LR: Not necessarily. It is perfectly legitimate to decide that the better health gained from statins is worth the expense. But it does mean that we need to realize that prevention is not going to help reduce the growth of medical spending.
TL: Some people say, “Yes, but if one life is saved, it’s worth it.” Is there another way to think about the individual vs. the population question?
LR: That’s a choice people can make. But they might want to think about it a little differently. If you think about how many years of good health you can buy for a million dollars, studies show that some interventions buy a lot, others very few. For example, flu shots for the elderly buy a lot of years of good health, but annual Pap smears—as opposed to screening less often—buy very few. The comparison suggests that it’s important to make sure that we do the most effective things first, like the flu shots.

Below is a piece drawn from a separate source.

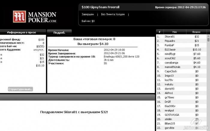 Как найти? В обоих покер-румах вкладка “Tournamets - Private” | “Турниры - Частные”, название “$100 GipsyTeam Freeroll”.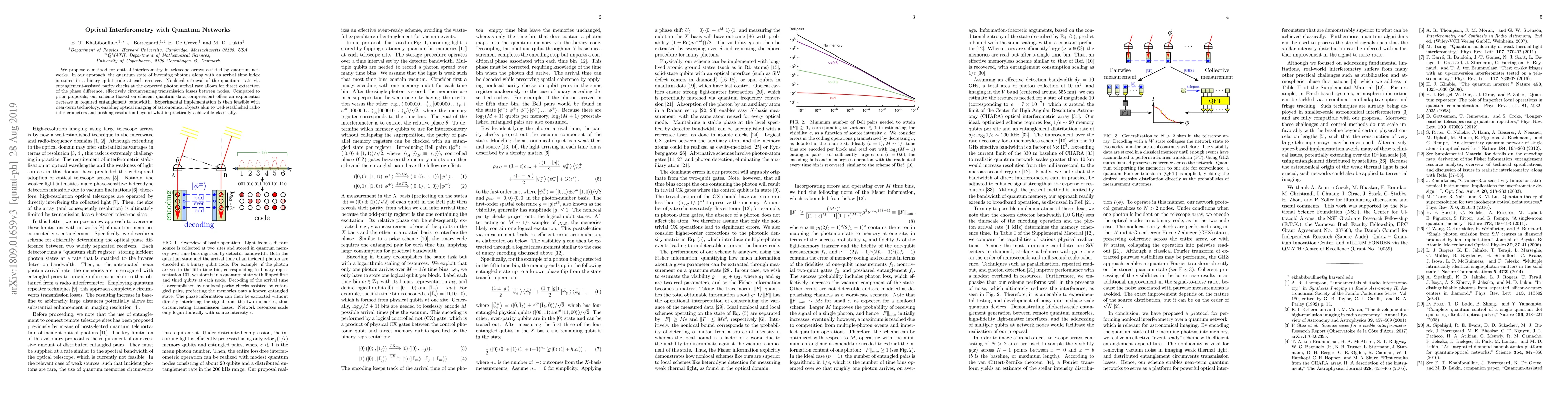 Researchers propose a new method for optical interferometry using quantum networks, enabling improved resolution and reduced transmission losses. This approach uses entanglement-assisted parity checks to extract phase differences from incoming photons.

TL: But what about the studies that claim there are savings?
LR: Some studies claim savings but they are usually not just looking at medical costs and savings. You will see studies claiming that a preventive intervention saves five dollars for every one dollar spent. What they are doing is valuing every life saved at the future earnings of the person and including those dollars along with medical costs and savings.
TL: Is that valid?
LR: Not if the point at issue is whether prevention will reduce medical spending.
TL: Does self-management of a disease save money? It’s been promoted as a way to cut costs.

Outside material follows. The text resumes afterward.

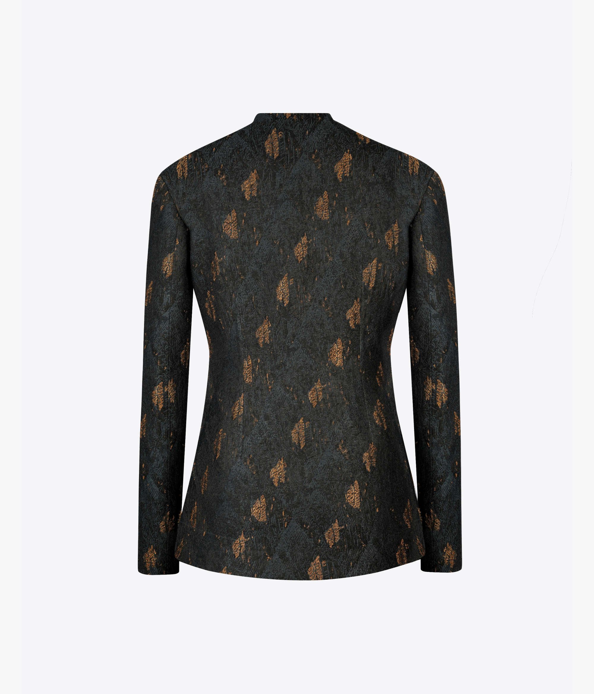 Classic lapel-less blazer in charcoal, handwoven in our Varanasi studio using a blend of silk, muga, cotton, and gold zari.The structured silhouette showcases a refined texture, with abstract gold zari patterns woven throughout for a subtle, regal effect

LR: Probably not. And I think it’s important to remember that some things that might reduce medical spending do so by increasing costs outside the medical sector, so they are a kind of cost shifting. This is often true of self-management, which can require considerable time, effort, and cost on the part of the patient, and the patient’s family and friends.

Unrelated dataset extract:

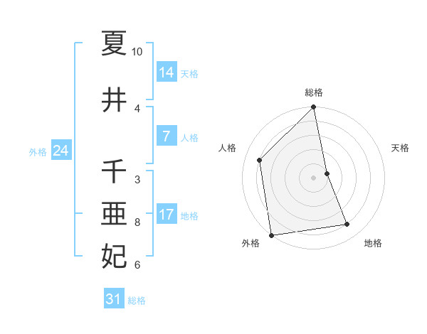 夏井 千亜妃さんを姓名の画数から五運を鑑定

TL: Are people being misled about preventive care ?
LR: It’s so easy for people to misunderstand the issue. I hesitate to think that people who say preventive care saves money are deliberately misleading. I think most of them don’t understand it.
TL: What is cost effectiveness analysis?
LR: It projects the costs and health outcomes from different medical choices. It’s a way of comparing costs and health outcomes for different ways of dealing with a disease, such as preventing it before it happens or waiting until it happens and treating it.
TL: Is the term “cost effective” misused ?
LR: The term once meant cost savings, because it was used in situations where you were getting exactly the same result either way and just wanted the cheapest way to get that result. It still carries that connotation, but now we are looking for the most effective way to spend money. If it costs $5000 to save one year of life with smoking cessation programs, and $200,000 to save one year of life with statins, then we say smoking cessation is more cost effective than statins. But neither one saves money.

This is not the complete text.